Emergency Shutdown Systems
Graduate Diploma of Engineering (Electrical and Instrumentation in Oil and Gas)
Duration: 1 year
Master of Engineering (Electrical and Instrumentation in Oil and Gas) Duration: 2 years
Grad Dip total course credit points = 24 (3 credits x 8 (units))
Masters total course credit points = 48
(12 credits (Thesis) + 3 credits x 12 (units))
Mode of Delivery
Combination of modes: Online synchronous lectures; asynchronous discussion groups, videos, remote and cloud-based labs (simulations); web and video conferencing tutorials. High emphasis on personal and group self-study.
Delivery/ Contact Hours per week
Student workload including “contact hours” = 10 hours per week: Lecture 1 hour
Tutorial Lecture 1 hours
Practical / Lab 1 hour (where relevant) Personal Study recommended - 7 hours
Students will be provided with Blackboard Collaborate (or similar) for video and web conferencing.
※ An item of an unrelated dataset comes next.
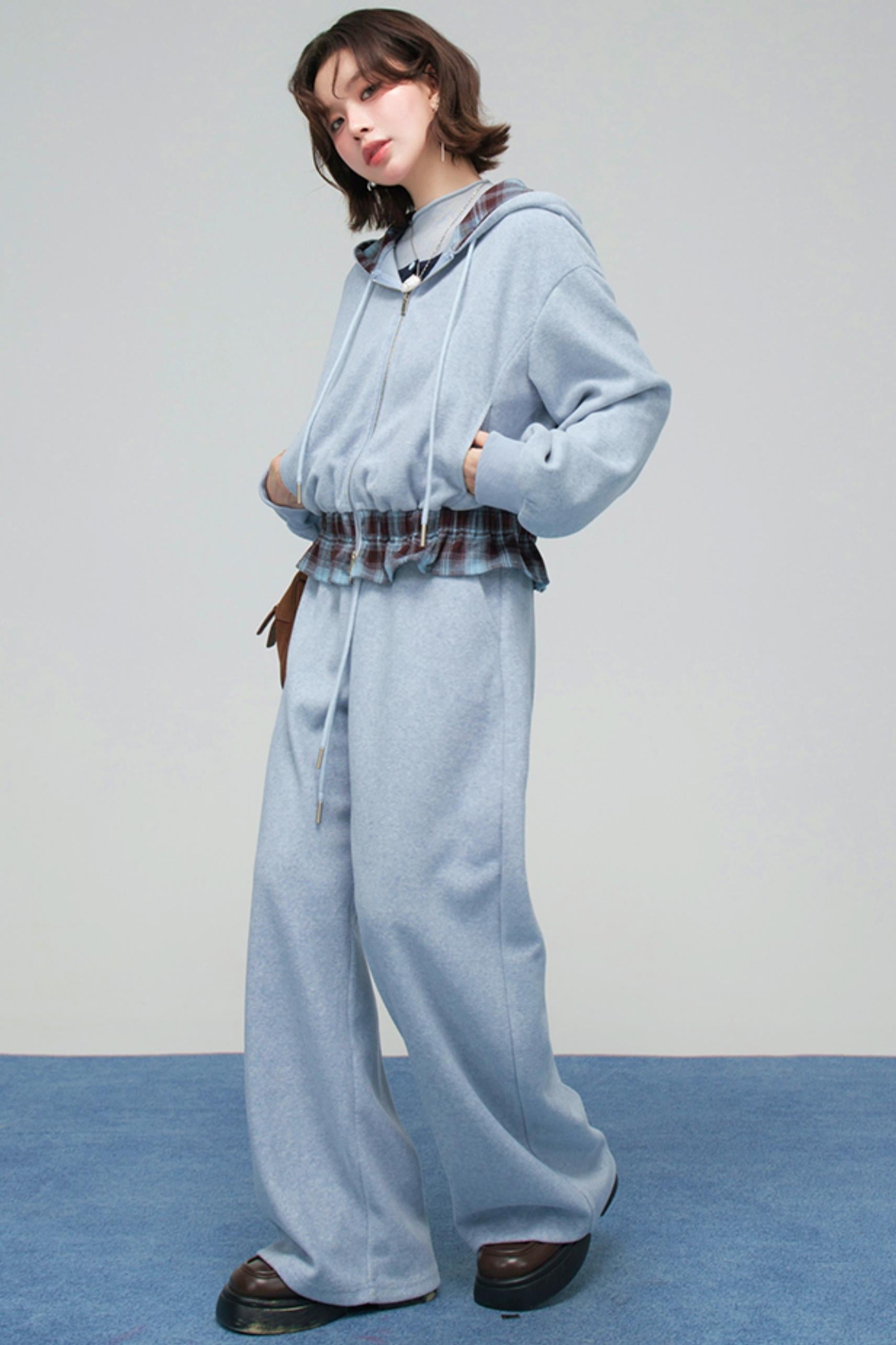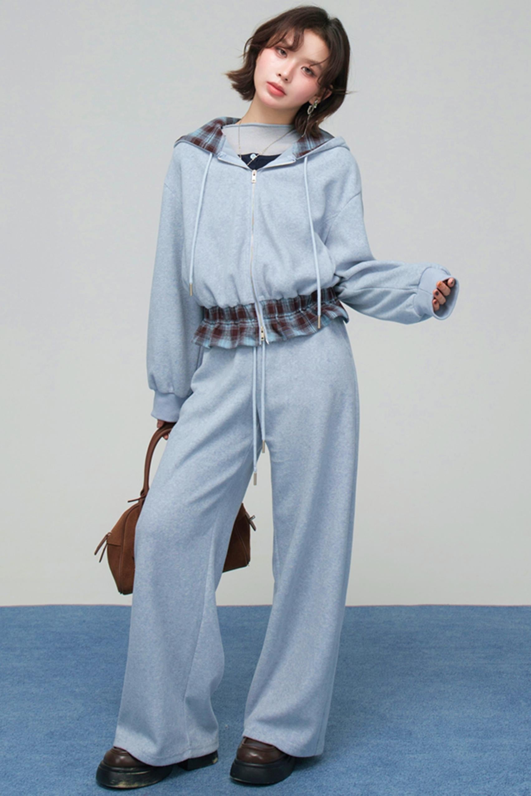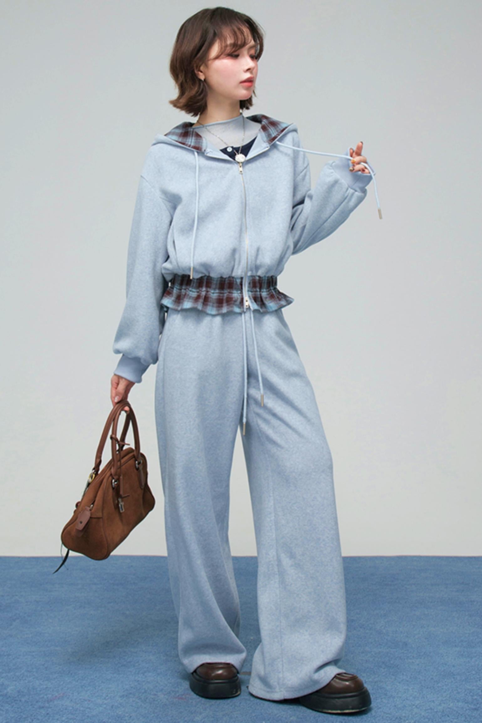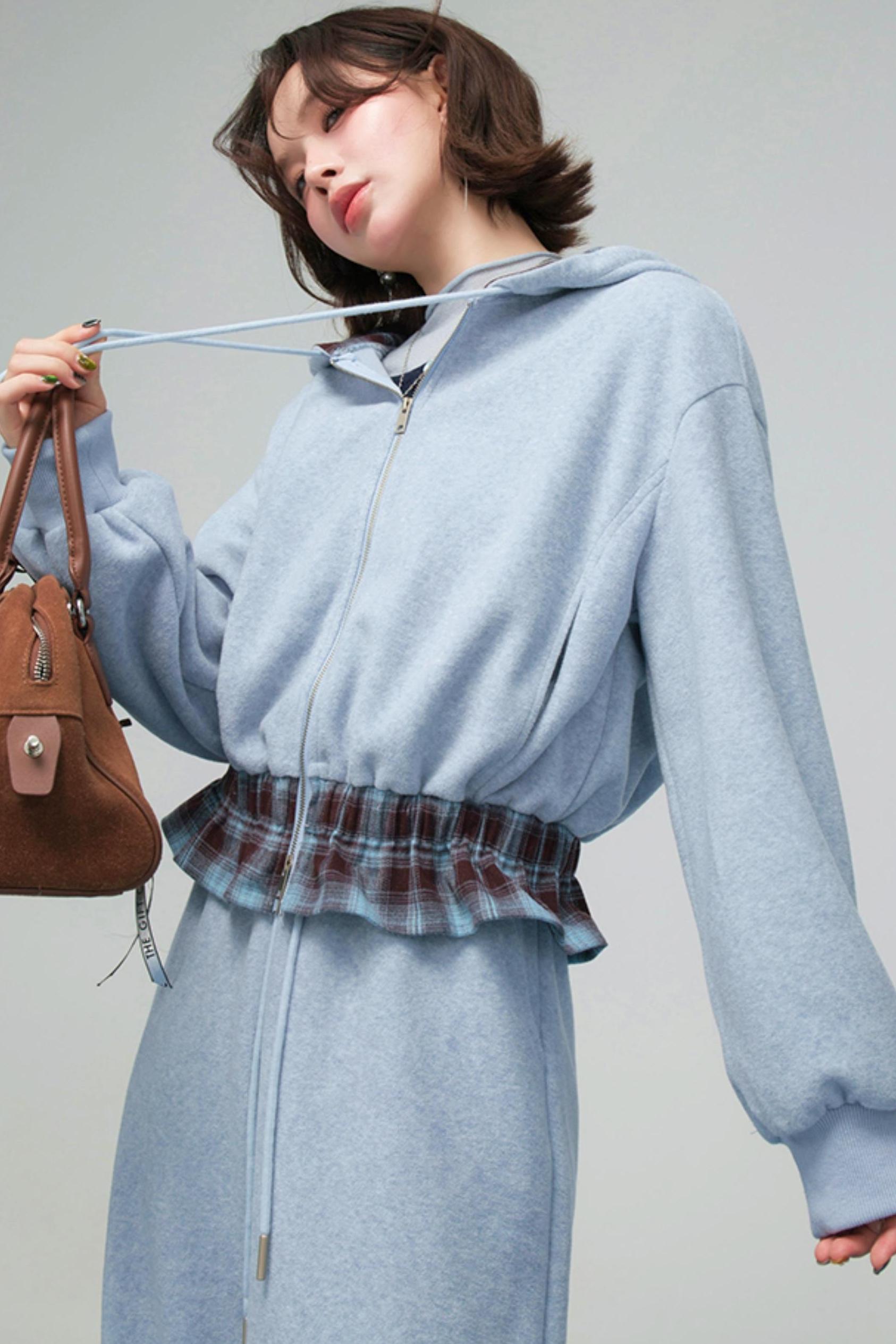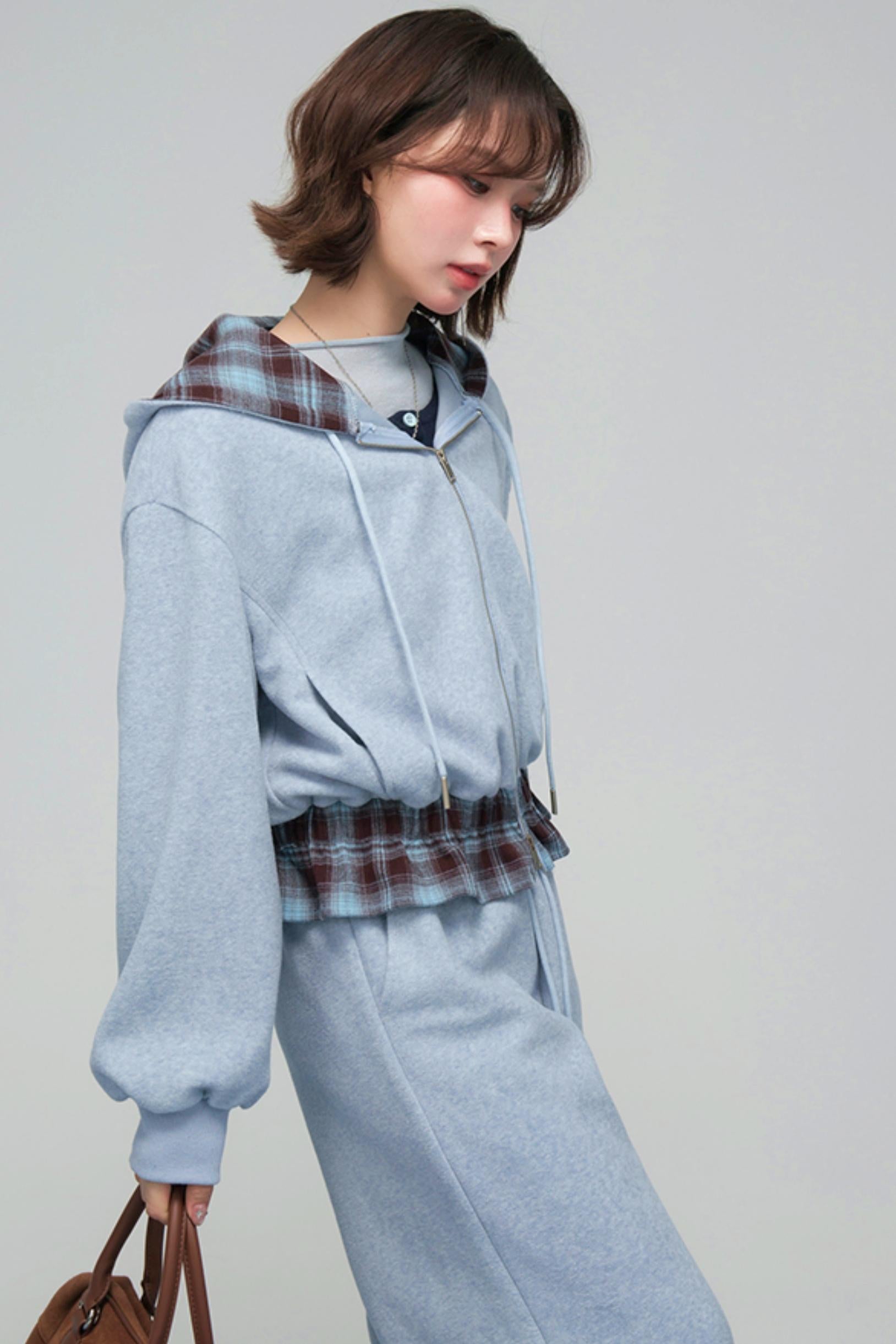 ❤パッチワークプラッドフーデッドジャケットセットアップ❤

This will allow them to attend lectures, interact with lecturers and fellow students, and use the Remote Lab facility. Students will be required to download the latest version of Java and .NET in order to use these packages.
For ease of communicating with peers and lecturers, installation of this package is recommended.
It is recommended that students install at least a 2007 version of the Microsoft Office. Older versions will work, but sometimes create issues with file compatibility. If individuals are reluctant to use these, they can also use Open Office (www.openoffice.org).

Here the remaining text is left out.